127 Hours


Always Bring the Sharp Knife

Main Cast: James Franco

Director: Danny Boyle

I eagerly awaited the arrival of 127 Hours from Netflix.  It’s one of the few Oscar contenders that I didn’t get to see before the awards and I’m a fan of Danny Boyle.  My impressions of James Franco have always been rather mixed but I was excited to see what the pair would do with this intimate and grueling tale.

Based on the real life experiences of Aron Ralston, 127 hours takes us deep into Canyonlands National Park in Utah where the young man (played by Franco) has decided to hike for the weekend.  He’s a skilled outdoorsman and clearly knows his way around the canyons, even taking time from his solitary journey to show off for a couple of girls he meets along the way.  As he works his way into the labyrinthine canyons and away from any semblance of civilization Ralston suffers a minor fall that leads to a major consequence.  His arm is stuck between the cavern wall and a large boulder.  All he has with him is minimal water and food and a few basic hiking supplies.  There is no one to help him.  He’s trapped.

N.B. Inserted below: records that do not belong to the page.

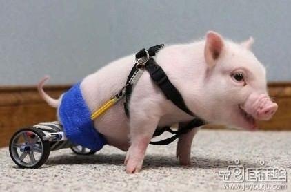 一只名叫Chris P. Bacon的小豬天生沒有后腿,好心的獸醫盧塞羅用兒童玩具配件組裝了一個小輪椅,做成可以移動的小豬后腿。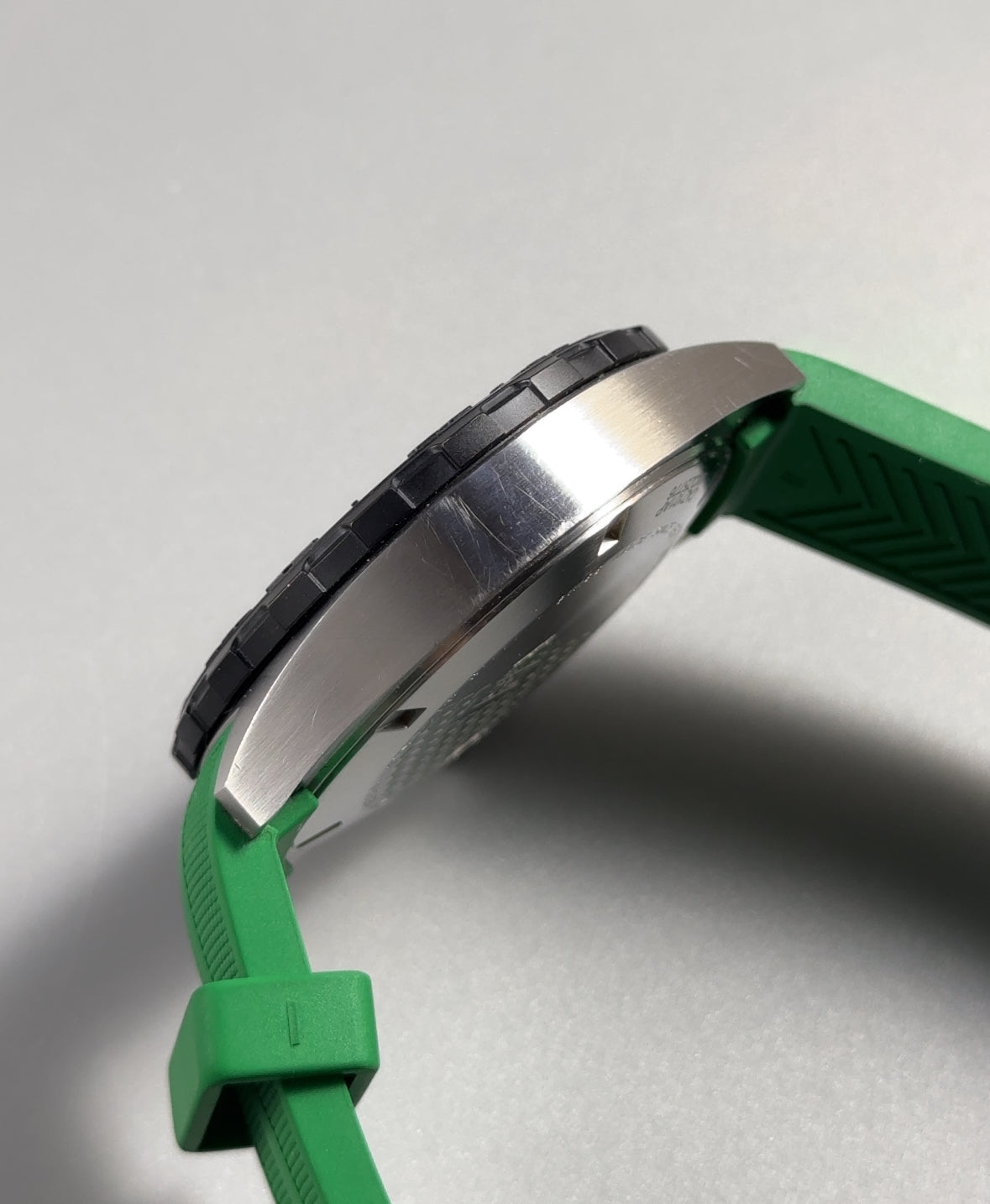 The watch is performing perfectly. There are minor scratches and marks to the case and buckle, consistent with careful use. Please refer to the photographs for an accurate representation of the condition.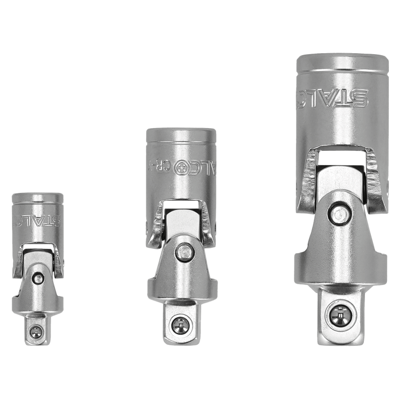 Profesionálna 3-dielna sada kardanových kĺbov STALCO. Nevyhnutné príslušenstvo pre každú gola sadu, ktoré umožňuje prístup k skrutkám a maticiam pod uhlom. Sada obsahuje kĺby pre všetky tri najbežnejšie veľkosti unášačov: 1/4", 3/8" a 1/2". Sú vyrobené z vysoko pevnej chróm-vanádiovej (Cr-V) ocele pre maximálnu odolnosť. Guľôčková poistka zaisťuje bezpečné uchytenie hlavice.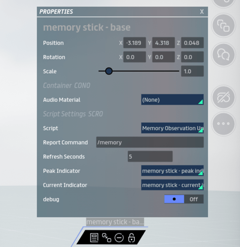 Some assembly required! for use with the following (free) items, also in my store: Memory Observation Unit - Script memory stick - current indicator memory stick - peak indicator To assemble: Once you have all 4 pieces in your inventory: 1. rez the "memory stick - base" in your experience. 2. drop the "Memory Observation Unit" script into it. 3. set the script parameters. I recommend the following: Report Command: /memory Refresh Seconds: 5 debug: off (leaving this on will provide useful chat spam) Peak Indicator: select "memory stick - peak indicator" Current Indicator: select "memory stick - current indicator" The last 2 are important! Once this is set up, visit your experience and watch the memory observation unit. The "Current Indicator" represents the current memory usage, and the "Peak Indicator" represents the peak memory usage since the last scene reset. You can type /memory into chat at any time to get the current memory usage.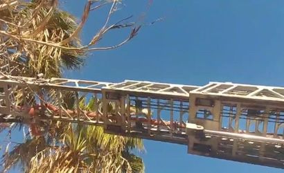 MERSİN’İN SİLİFKE İLÇESİNDE GÜNLERDİR BİR PALMİYE AĞACININ TEPESİNDE MAHSUR KALAN SOKAK KEDİSİ, DUYARLI VATANDAŞLARIN İHBARI ÜZERİNE İTFAİYE EKİPLERİ TARAFINDAN KURTARILDI.

127 Hours is a remarkably simple story.  One man stuck in a crevasse in the middle of nowhere trying to survive using only basic supplies and his skills as a hiker.  The challenge for Danny Boyle and James Franco is to make us care about Aron Ralston and maintain the suspense and fear inherent in the situation throughout the duration of the film.  In some ways they succeed, in others they fail.

James Franco is a spotty actor who can spin out a wildly funny performance in Pineapple Express on one hand and be merely adequate in the Spiderman franchise on the other.  He’s a very interesting person, with an artist’s sensibilities and a craving for learning that leads him to pursue unusual projects.  But of late he mostly just seems stoned.  Franco carries the huge burden of being onscreen, alone, nearly 100% of the time in 127 Hours and maybe this resulted in his Oscar nomination because looking at the performance itself, it’s nothing special.  Once again, he spends quite a bit of time looking dazed and out of it – the result of his worsening physical condition.  But it’s the same vapid expression I’ve seen before, devoid of much more than glassy eyes and a dopey grin.  He doesn’t manage to bring very much real feeling to the role – I feel very little anger, sadness or fear.

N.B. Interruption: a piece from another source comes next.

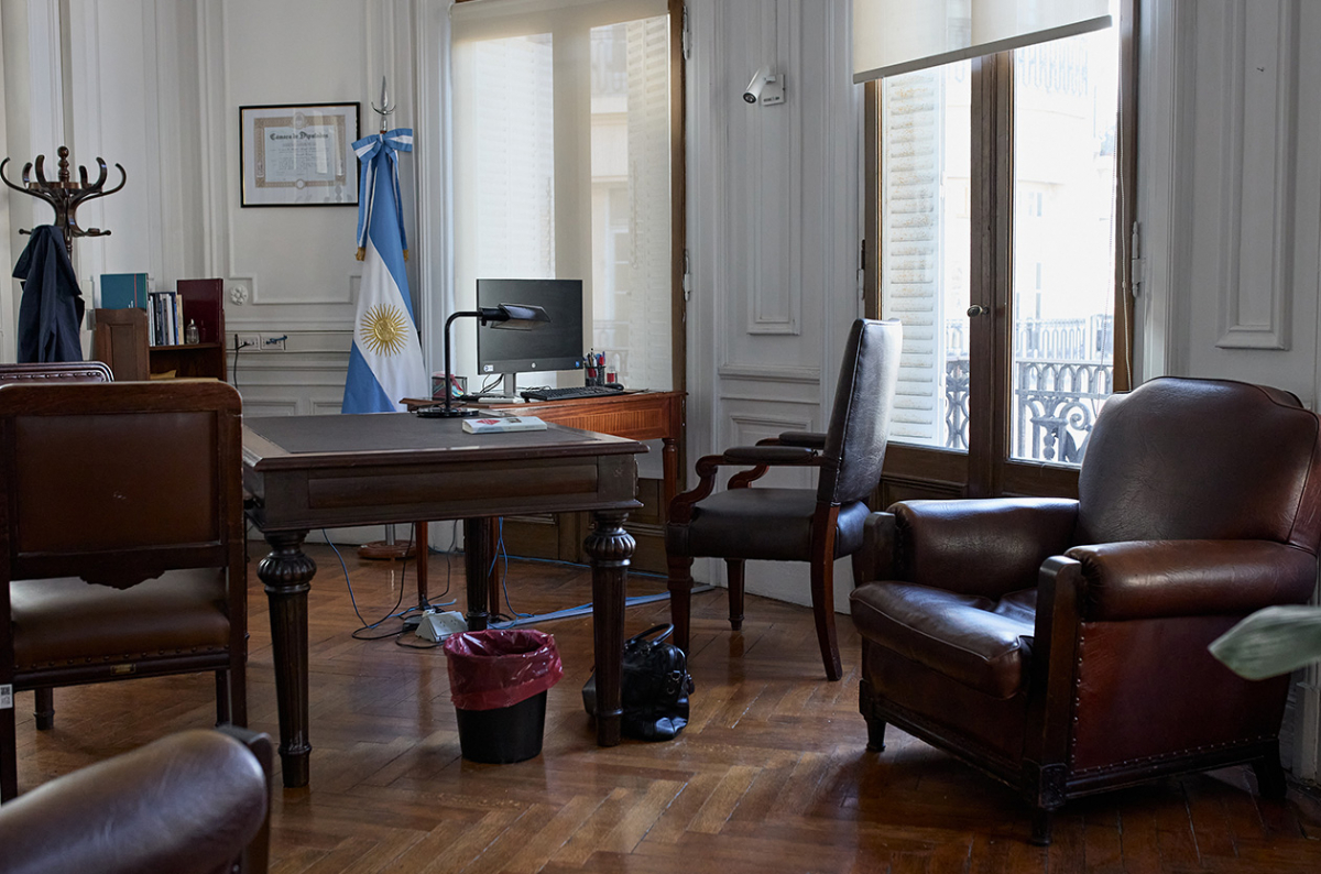 Un rápido recuento por esas imágenes colgantes ofrece pistas valiosas para comprender al personaje. Todos son políticos o políticas, no hay empresarios ni sindicalistas, ningún artista o deportista, tampoco militares, policías y mucho menos curas. Pero dentro de la corpo todo vale: retratos con Bush y con Clinton, con Uribe y con Raúl Castro, Lula y Bolsonaro, Néstor y Macri. Dentro de su despacho personal, allí donde pasa el mayor tiempo del día, solo hay dos instantáneas. Una de Alfonsín y Menem caminando de espaldas por los jardines de la Quinta de Olivos, ensimismados en sus cavilaciones. La otra sorprende: Cristina Fernández de Kirchner sonríe en su momento de esplendor, mientras abraza a un Pichetto de larga corbata celeste, que posa como un muñequito de torta. Le hago notar lo raro que me resulta ver a “la señora” en semejante sitial de honor. Elude el tema y comenzamos formalmente el reportaje.

I believe that this less than stellar performance does not lie on the shoulders of Franco alone.  Aron Ralston as scripted comes across as cocky and arrogant, scripting his time in the canyon to put himself in the best possible light should he be found dead someday.  As he films himself talking to and about family and friends it feels self-aggrandizing and false.  Was he trying to spare them the pain of his real fear and agony?  Perhaps.  But if that’s the case, we need to see that fear and pain in his private moments when the camera is turned off and he is alone with his thoughts and memories.  Instead, we see little difference between the Ralston he films and the private Ralston.  He pretends to have an epiphany about his selfishness and stupidity in undertaking this particular hike, but it doesn’t feel sincere.  He talks to and about his “loved ones” with enough detachment that they are never allowed to coalesce into people about whom we might have any concern if he were to perish.  The screenplay fails Franco and he’s not able to pick up the pieces and insert real emotion into a cold and stunted character.  I hope the real Aron Ralston is a better person than the film Aron Ralston.

Where the movie does succeed – and succeeds wildly – is in the filming of Ralston’s predicament.  The setting is ridiculously foreboding and beautiful at the same time.  Director Boyle and cinematographers Enrique Chediak and Anthony Dod Mantle bring us into and out of that crevasse in ways that make us understand the siren song of the canyons as well as the desolation and anger that lurk around every corner.  The film is stunningly gorgeous, not only because of the Utah scenery but because the filmmakers understand exactly how to bring us down into this crisis without leaving the vast expanse of uninhabited desert behind.

I have mixed feelings about 127 Hours.  It’s a remarkable true story on its face. It’s phenomenally filmed.  It’s also lacking a fundamental connection with the main character that leaves me cold.  I don’t like this Aron Ralston.  His actions don’t feel brave and his words don’t feel honest.  He feels selfish, arrogant and foolish.  He seems to find none of the insight into self that such an ordeal might bring.  If this is in fact the real Aron Ralston, bravo to both Boyle and Franco for their adherence to reality and willingness to bring an unlikable young man to the screen in all his ignorant glory.  If it isn’t the real Ralston, the screenplay fails to bring the necessary humanity to the character.  Either way, the film is beautiful but the character with whom we spend nearly every moment comes off as a jerk.  Three stars for the stunning presentation but a marginal recommendation for the film as a whole.